I’ll digress and explain why. In Sept. 1994 I got an email from a friend of mine in Kuala Lumpur, Malaysia. He told me that VHS copies of HOOP DREAMS were available on the streets there for $2. Nothing hugely remarkable there – piracy is a huge problem worldwide, especially in Asia. What was noteworthy about it was the timing: this was a full two months before the film had been released publicly in theaters in the U.S.! The film had its world premiere only eight months earlier at the Sundance Film Festival. Since then it had only been shown publicly in a handful of film festivals. It was still a full year and a half before the film would be released on VHS to U.S. consumers!

It told me that someone had duplicated, sold, or given away copies that one of us filmmakers had originally sent on VHS as a screener to a festival, a distributor, or a Hollywood agent.   There were only a few possible explanations. Worst case scenario: someone had directly pirated their original VHS copy and sold it to Malaysians to make money. Best case scenario: someone shared their VHS copy with someone else who in turn pirated it to make money.

So today, with digital piracy even more commonplace, you can be sure I consciously limit who I give what to in the early stages of any film’s release. Will it wholly prevent piracy? Of course not. But I like to think it slows it down.

So it was my fault she lost the DVD because I hadn’t given her a quality, boxed screener. Many people when feeling defensive will attack. This is true universally but perhaps nowhere more so than in New York City. And attack she did.

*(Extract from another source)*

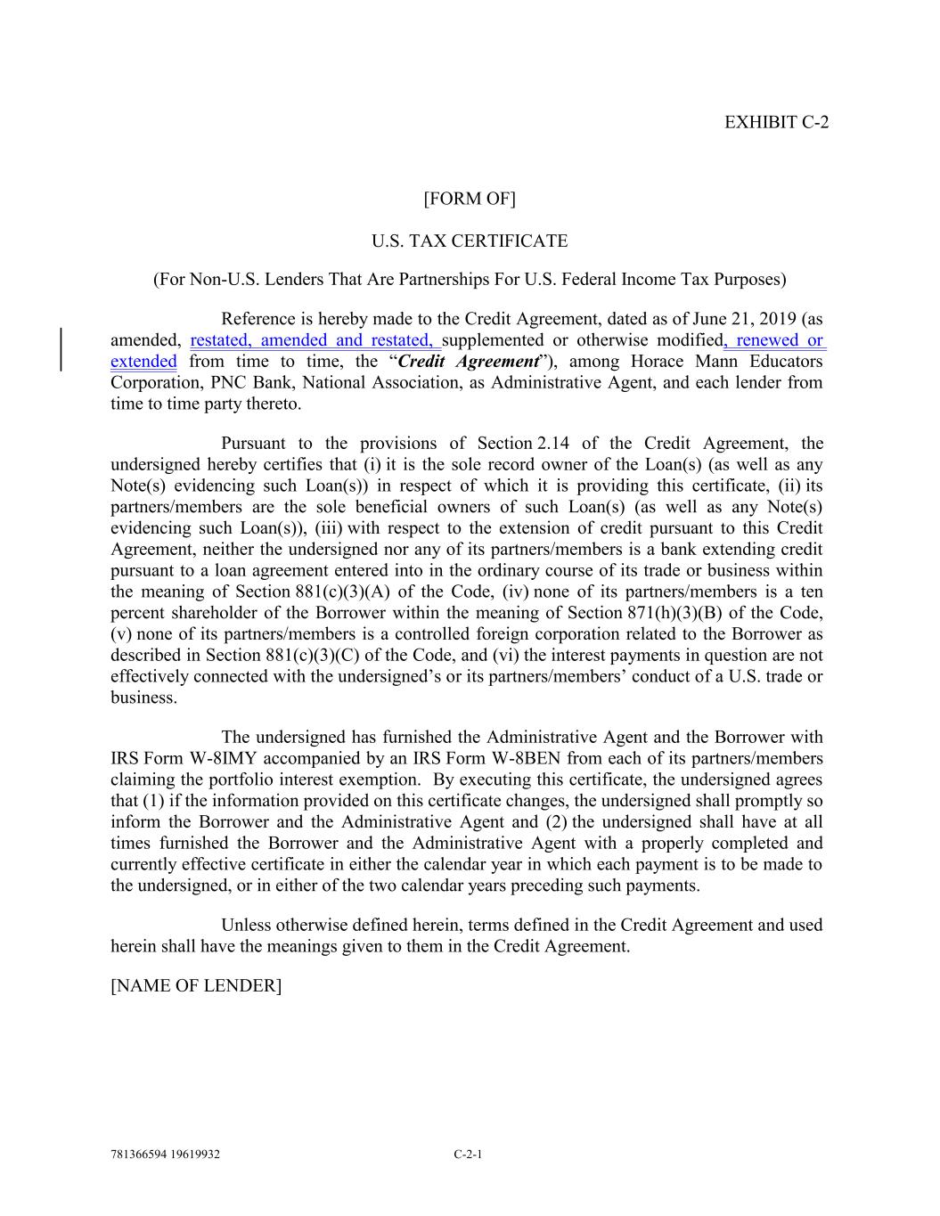 EXHIBIT C-2 [FORM OF] U.S. TAX CERTIFICATE (For Non-U.S. Lenders That Are Partnerships For U.S. Federal Income Tax Purposes) Reference is hereby made to the Credit Agreement, dated as of June 21, 2019 (as amended, restated, amended and restated, supplemented or otherwise modified, renewed or extended from time to time, the “Credit Agreement”), among Horace Mann Educators Corporation, PNC Bank, National Association, as Administrative Agent, and each lender from time to time party thereto. Pursuant to the provisions of Section 2.14 of the Credit Agreement, the undersigned hereby certifies that (i) it is the sole record owner of the Loan(s) (as well as any Note(s) evidencing such Loan(s)) in respect of which it is providing this certificate, (ii) its partners/members are the sole beneficial owners of such Loan(s) (as well as any Note(s) evidencing such Loan(s)), (iii) with respect to the extension of credit pursuant to this Credit Agreement, neither the undersigned nor any of its partners/members is a bank extending credit pursuant to a loan agreement entered into in the ordinary course of its trade or business within the meaning of Section 881(c)(3)(A) of the Code, (iv) none of its partners/members is a ten percent shareholder of the Borrower within the meaning of Section 871(h)(3)(B) of the Code, (v) none of its partners/members is a controlled foreign corporation related to the Borrower as described in Section 881(c)(3)(C) of the Code, and (vi) the interest payments in question are not effectively connected with the undersigned’s or its partners/members’ conduct of a U.S. trade or business. The undersigned has furnished the Administrative Agent and the Borrower with IRS Form W-8IMY accompanied by an IRS Form W-8BEN from each of its partners/members claiming the portfolio interest exemption. By executing this certificate, the undersigned agrees that (1) if the information provided on this certificate changes, the undersigned shall promptly so inform the Borrower and the Administrative Agent and (2) the undersigned shall have at all times furnished the Borrower and the Administrative Agent with a properly completed and currently effective certificate in either the calendar year in which each payment is to be made to the undersigned, or in either of the two calendar years preceding such payments. Unless otherwise defined herein, terms defined in the Credit Agreement and used herein shall have the meanings given to them in the Credit Agreement. [NAME OF LENDER] 781366594 19619932 C-2-1
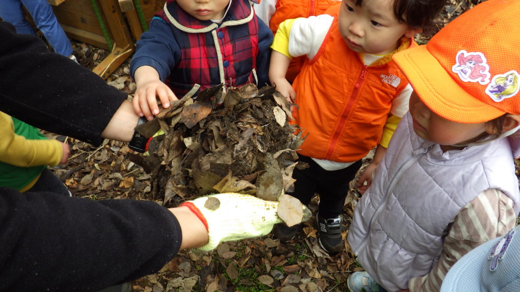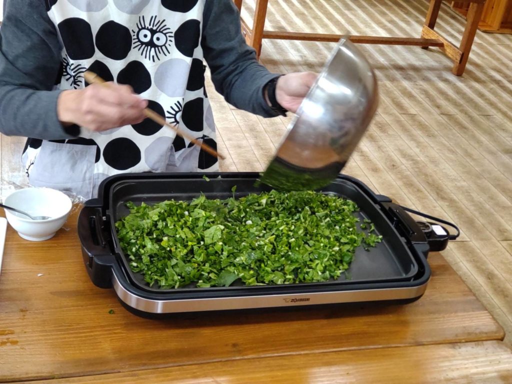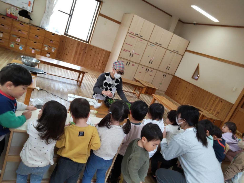くま組(1、2才クラス)が畑で大根を収穫しました。その大根の青々とした葉を担任が代表して、ホットプレートで炒めて昼食時に食べました。

She started pressing me for details on where the film had shown to date: which theaters, when, for how long? Then she pressed me on how much money I had to spend. “We’ve done P&A for as little as $30,000 but we’ve done releases for many hundreds of thousands. I need to know your budget.” I told her I didn’t have a budget. I told her I paid $3500 for a service release in Canada. I told her I thought it made more sense for her to watch the film and give me a price breakdown of what services she thought she might be able to provide.

She kept pressing me to tell her how much money I had to spend. At that point I said, “This is far more trouble than it’s worth. Have a nice evening.” I hung up.

Yech. I felt like I had bat guano dropped on me. By a vampire.

What’s instructive about this encounter to me is how emblematic it is. Not only of the bottom feeding film distribution business, but of the economic culture as a whole. Vampire service distributors like these, because they wrongly believe they control the distribution capacity of films, feel like YOU are in THEIR service. Yup, you’re there to serve them. You serve them your money and your film and they “pay you” with audiences.

This inversion of economic logic reminds me of an article I read once about WalMart. Walmart has also effectively inverted traditional market logic. Because they are such a huge retailer of products – accounting, if I remember correctly, for about half of all things sold in the U.S. today, period – they can dictate prices to the producers who sell their products to them. “You either deliver this product to us at this price point or forget it.” In non-monopoly environments of course the equation is reversed: the seller usually sets the price. If the buyer doesn’t want it at that price too bad – the seller will sell to other buyers. But in today’s retail environment there are no other buyers, not with the reach and clout of WalMart. They put such downward pressure on prices that they singlehandedly are much to blame for the sweatshop pay and conditions of many Chinese laborers.

Hmmm, bottom feeders… Maybe not a bad name for WalMart either.